A trigger pump dispenser as claimed in any preceding claim, in which the valve comprises a valve member (142), the valve member comprises an outer valve part (145) and an inner valve part (150), the parts being formed separately and being connectable together, one of the parts (145) provides an inlet valve function and the other of the parts (150) provides an outlet function, and in which during a suction stroke the piston is configured to move away from the valve (142), so that a vacuum builds up in the pump chamber (190) and due to negative pressure a sealing lip (146) of the valve collapses and opens the inlet (191), the liquid can now enter the pump chamber via the inlet, in which during the pressure stroke the piston is configured to move in the direction of the valve and thus builds up excess pressure in the system, the sealing lip of the valve is pressed against the outer wall of the pump chamber and seals the inlet, and in which when the predetermined elevated pressure is reached, the valve is configured to snap backwards, which creates a free passage between the outer valve part (145) and the inner valve part (150).
A trigger pump dispenser as claimed in claim 4, in which the predetermined elevated pressure is defined by the material of the valve inner part (150).

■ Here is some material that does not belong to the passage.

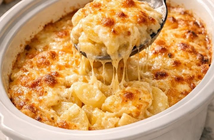 This Slow Cooker Velvet Potato Bake is a rich, deconstructed take on traditional “funeral potatoes,” offering a dense and creamy texture that feels both indulgent and nostalgic. By folding frozen country-style hash browns into a “velvet” base of condensed cream of chicken soup and sour cream, you create a thick, stable sauce that doesn’t break down during the slow-cooking process. The sharp cheddar cheese melts into the crevices of the diced potatoes, resulting in a cohesive, cheesy casserole that is as sturdy as it is soft.

A trigger pump dispenser as claimed in any preceding claim, in which the predetermined elevated pressure is defined by the design of a conical connection between an outer jacket and an inner sealing element.
A trigger pump dispenser as claimed in any preceding claim, in which a gap created by the valve movement enables the liquid to flow from the pump chamber through the outlet port.
A trigger pump dispnser as claimed in any preceding claim, comprising a central stop (154), in which the valve opening distance is determined by the length of the central stop (154).
A trigger pump dispenser as claimed in claim 4, in which if the system pressure drops below the predetermined elevated pressure, the outlet valve is configured to snap back into its starting position and seal the outer part of the valve so that the connection from the outer valve part (145) and the inner valve part (150) is closed again.
A trigger pump dispenser as claimed in any preceding claim, in which the trigger (60) and the biasing means (65a, 65b) are formed in the same component, and in which the biasing means comprises a pair of mutually spaced curved spring arms.
A trigger pump dispenser as claimed in claim 10, in which the arms (65a, 65b) are joined to the trigger at hinge points, whereby the arms can hinge relative to the trigger in use.
A trigger pump dispenser as claimed in claim 10 or claim 11, in which the trigger (60) and the spring arms (65a, 65b) are formed together as a single piece.
A trigger pump dispenser as claimed in any of claims 10 to 12, in which the arms (65a, 65b) are substantially the same.
A trigger pump dispenser as claimed in any preceding claim, in which the trigger (60) is formed from post-consumer recycled (PCR) plastic.
A trigger pump dispenser as claimed in any preceding claim, in which the trigger (60) is formed from 20-80% PCR content.